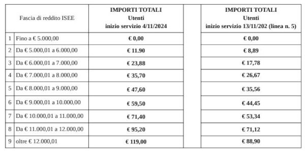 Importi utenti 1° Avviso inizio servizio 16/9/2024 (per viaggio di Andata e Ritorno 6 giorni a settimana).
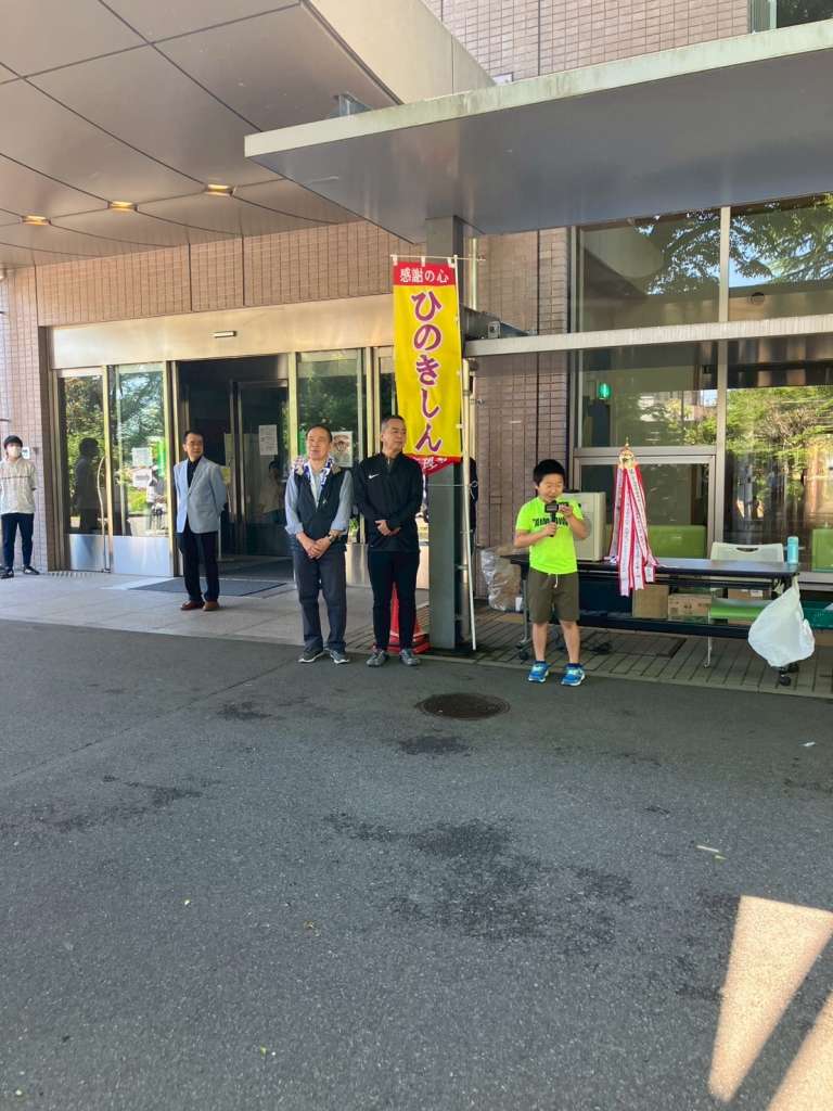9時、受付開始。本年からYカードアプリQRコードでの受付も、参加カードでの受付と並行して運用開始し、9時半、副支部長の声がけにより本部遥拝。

...

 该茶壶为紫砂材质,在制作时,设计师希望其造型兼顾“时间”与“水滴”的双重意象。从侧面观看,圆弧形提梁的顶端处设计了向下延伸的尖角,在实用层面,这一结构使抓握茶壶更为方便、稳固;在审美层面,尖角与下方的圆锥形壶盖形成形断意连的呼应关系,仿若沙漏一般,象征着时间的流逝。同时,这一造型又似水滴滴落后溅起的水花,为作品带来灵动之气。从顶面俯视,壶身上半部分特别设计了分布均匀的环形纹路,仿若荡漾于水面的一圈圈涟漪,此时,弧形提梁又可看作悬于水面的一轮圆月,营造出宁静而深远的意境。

* * *

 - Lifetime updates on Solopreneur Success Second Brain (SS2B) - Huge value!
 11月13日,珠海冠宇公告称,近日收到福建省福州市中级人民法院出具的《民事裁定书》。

■ What to produce
Given the records above, return exactly the lines starting at the line containing "- Lifetime updates" and ending at the line containing "11月13日,珠海冠宇公告称", including both.

■ Task output
 - Lifetime updates on Solopreneur Success Second Brain (SS2B) - Huge value!
 11月13日,珠海冠宇公告称,近日收到福建省福州市中级人民法院出具的《民事裁定书》。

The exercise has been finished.